6. Don’t write all short or all long sentences. Vary them.
This one’s fairly self-explanatory. It can be hard on the ear/brain to take in long strings of long sentences or long strings of short ones. So mix it up. If you see a long string of long sentences, see if you can break some of them down into shorter sentences — without, of course, damaging their meaning. And if you see long strings of short sentences, see if you can combine some of them into longer sentences — again, without damaging their meaning.
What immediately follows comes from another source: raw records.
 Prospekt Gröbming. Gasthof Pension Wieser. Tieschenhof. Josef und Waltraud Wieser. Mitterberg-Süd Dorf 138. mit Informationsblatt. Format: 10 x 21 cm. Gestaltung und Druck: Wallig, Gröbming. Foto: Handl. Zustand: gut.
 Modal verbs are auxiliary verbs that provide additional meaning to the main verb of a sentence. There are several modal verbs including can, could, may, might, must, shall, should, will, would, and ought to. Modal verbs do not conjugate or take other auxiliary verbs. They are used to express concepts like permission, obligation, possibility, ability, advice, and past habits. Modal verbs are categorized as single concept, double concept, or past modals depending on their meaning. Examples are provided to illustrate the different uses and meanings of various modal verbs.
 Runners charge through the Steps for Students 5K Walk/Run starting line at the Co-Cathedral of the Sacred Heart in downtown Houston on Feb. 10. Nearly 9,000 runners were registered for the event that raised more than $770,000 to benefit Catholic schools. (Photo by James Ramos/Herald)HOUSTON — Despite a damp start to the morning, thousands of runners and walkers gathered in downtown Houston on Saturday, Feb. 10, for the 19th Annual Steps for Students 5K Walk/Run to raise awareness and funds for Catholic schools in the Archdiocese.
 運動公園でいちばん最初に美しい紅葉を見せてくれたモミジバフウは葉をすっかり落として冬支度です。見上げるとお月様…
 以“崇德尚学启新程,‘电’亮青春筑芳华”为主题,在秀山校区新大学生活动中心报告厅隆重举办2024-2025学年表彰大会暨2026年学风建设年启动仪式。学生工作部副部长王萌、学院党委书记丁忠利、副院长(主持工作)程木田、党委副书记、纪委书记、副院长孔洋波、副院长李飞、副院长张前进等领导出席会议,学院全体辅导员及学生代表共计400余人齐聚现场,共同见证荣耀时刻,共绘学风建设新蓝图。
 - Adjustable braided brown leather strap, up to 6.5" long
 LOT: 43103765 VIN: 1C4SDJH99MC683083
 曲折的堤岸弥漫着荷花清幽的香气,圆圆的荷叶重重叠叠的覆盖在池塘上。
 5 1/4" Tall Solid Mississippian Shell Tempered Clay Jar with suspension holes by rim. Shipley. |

7. If your sentences are feeling tangled, observe this rule: The greater the logical complexity of the thought is, the simpler the syntax of the sentences expressing it ought to be.
Democracy has been around since the time of Socrates and has continued into the present day, in countries such as the United States, where the citizens hold power under a free electoral system. Though democracy operates differently in different places, all democracies have two characteristic features, which are that all citizens have equal access to power, and that all citizens enjoy universally recognized liberties, including freedom of thought, freedom of expression, and freedom of speech.
Democracy has been around since the time of Socrates. It continues to thrive today. Democracy operates differently in different places. However, all democracies have two characteristic features. First, all citizens have equal access to power. Second, all citizens enjoy universally recognized liberties. These liberties include freedom of thought, freedom of expression, and freedom of speech.
Note that in a lab report (i.e., the place where you’re most likely to be talking about lighting Bunsen burners), it is the mismatched sentence — “The Bunsen burner was lit” — that would likely be the preferred one. Why? Because the validity of scientific experiments depends upon their being replicable: It shouldn’t matter whether Tom lights the Bunsen burner, or Maria lights it, or James lights it — anyone should be able to get the same results. The style reflects these underlying epistemological values: By taking the human agent out of the picture, the mismatched sentence focuses our attention on the experimental process.